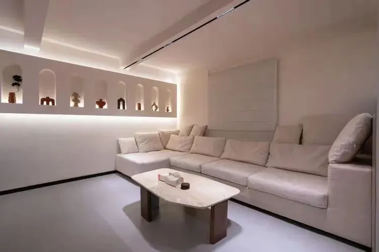 休闲厅:75寸智能电视 | 娱乐 | 休息 | 追剧 | 真皮沙发 | 办公
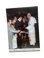 In the words of Ernesto Colnago, "We built this golden bike for the Pope in 1979. It was a special day when we went to the Vatican to present it to him. Very emotional for me. I went with my entire family; my brother Paolo and his son Alessandro. We heard that the Pope liked to ride a bike and that he did a ride of 38km two times a week when he was in Krakow and he continued to ride when he was in Castel Gondolfo (the Pope's summer residence outside of Rome).
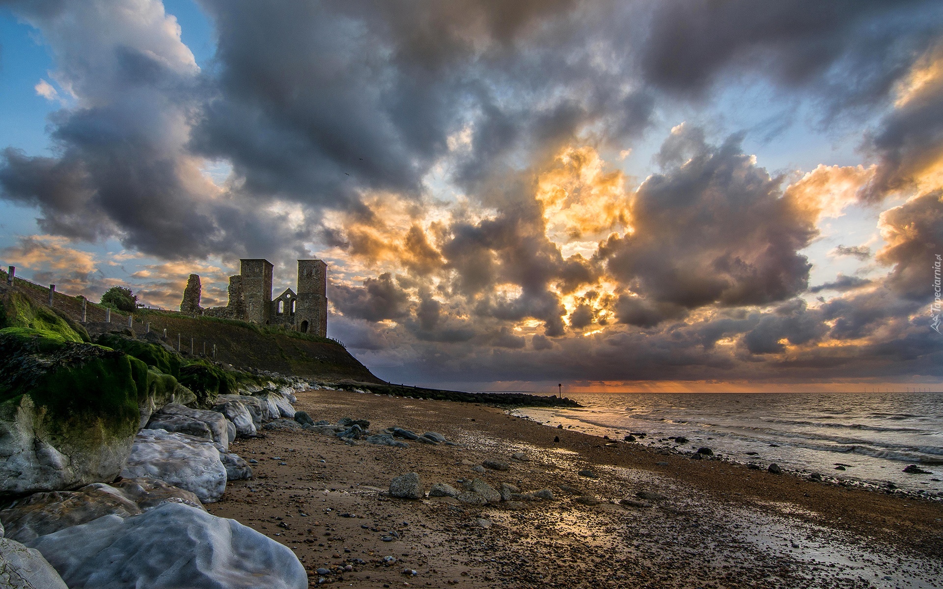 Edytor tapety: Morze, Plaża, Kamienie, Ruiny, Chmury, Zachód, Słońca
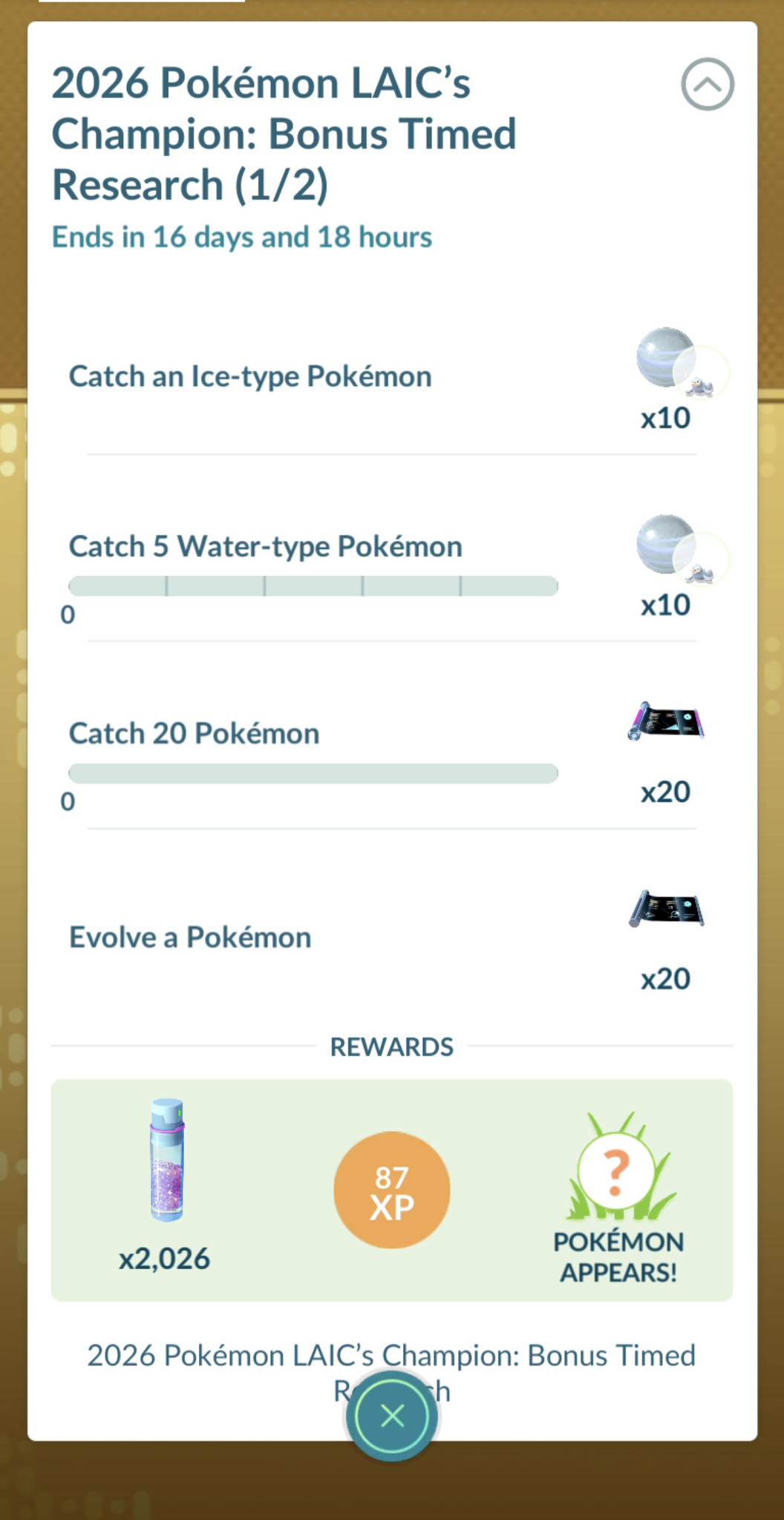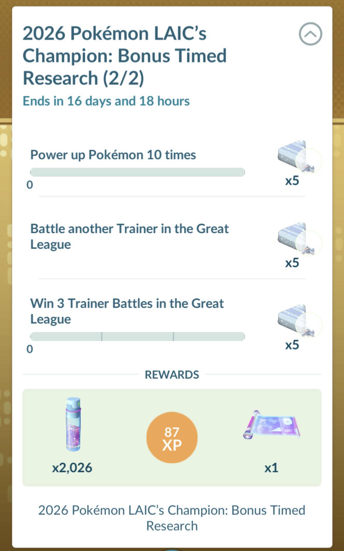2026 Pokémon LAIC’s Champion: Bonus Timed Research
* * * *
● EXERCISE INSTRUCTIONS: Set the lines above down again, word for word, from the first through the one containing "In the words"; pictures excluded.

● ANSWER TO THIS PROBLEM:
 休闲厅:75寸智能电视 | 娱乐 | 休息 | 追剧 | 真皮沙发 | 办公
 In the words of Ernesto Colnago, "We built this golden bike for the Pope in 1979. It was a special day when we went to the Vatican to present it to him. Very emotional for me. I went with my entire family; my brother Paolo and his son Alessandro. We heard that the Pope liked to ride a bike and that he did a ride of 38km two times a week when he was in Krakow and he continued to ride when he was in Castel Gondolfo (the Pope's summer residence outside of Rome).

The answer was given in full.